Add URLs, Query the Graph

# Ingest external sources
/graphify add https://arxiv.org/abs/1706.03762     # fetch a paper into your graph
/graphify add https://x.com/karpathy/status/...    # fetch a tweet

# Query
/graphify query "what connects attention to the optimizer?"
/graphify path "DigestAuth" "Response"
/graphify explain "SwinTransformer"

# Export formats
/graphify ./raw --wiki             # agent-crawlable wiki
/graphify ./raw --neo4j            # Cypher for Neo4j
/graphify ./raw --graphml          # GraphML for Gephi/yEd

GitHub: github.com/safishamsi/graphify (MIT) PyPI: pip install graphifyy


FAQ

What is Graphify? An AI coding assistant skill — one command turns any folder into a queryable knowledge graph that works inside Claude Code, Codex, OpenClaw, OpenCode, and Factory Droid.

How do I install Graphify? pip install graphifyy && graphify install, then type /graphify . in Claude Code or your preferred assistant.

What does 71.5x fewer tokens mean? graph.json is a structural compression of your folder. The LLM traverses relationships rather than reading raw file content — so a multi-gigabyte research folder becomes a one-page audit plus a compact graph.

Does Graphify work with OpenClaw? Yes.
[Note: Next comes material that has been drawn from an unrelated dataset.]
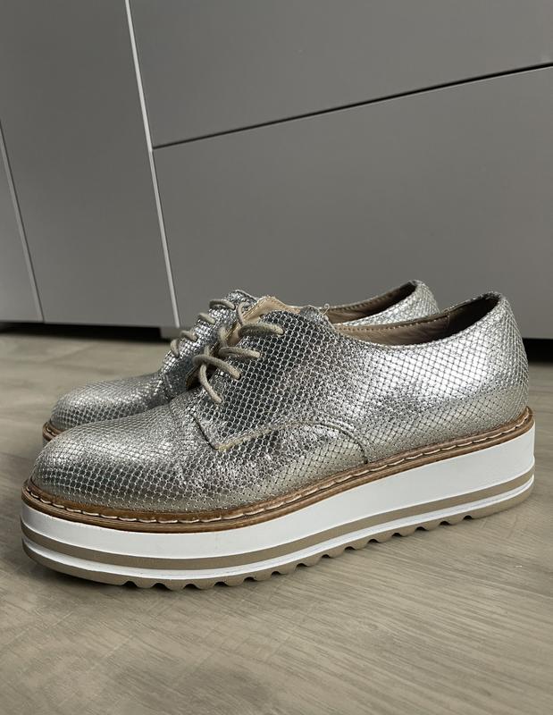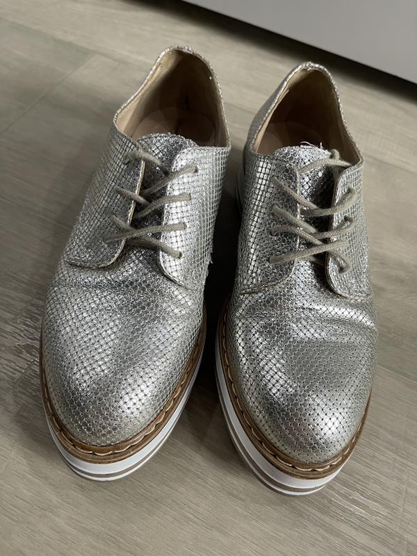 Блискучі жіночі шкіряні оксфорди, стан ідеальний з мінімальними слідами носки, розмір 36 устілка 23 см

Run pip install graphifyy && graphify install --platform claw, then use /graphify in OpenClaw as normal.

What file types does Graphify support? 19 programming languages via tree-sitter AST, plus PDFs, markdown, images, screenshots, and whiteboard photos via Claude vision.

What’s the Karpathy connection? Karpathy posted asking for a tool to query his /raw folder of papers, tweets, and notes without reading every file. Graphify shipped 48 hours later, built to solve exactly that problem.

Does Graphify use embeddings or a vector database? No. It uses Leiden community detection on graph topology. The link structure between nodes is the similarity signal — no vectors, no drift, no infrastructure dependency.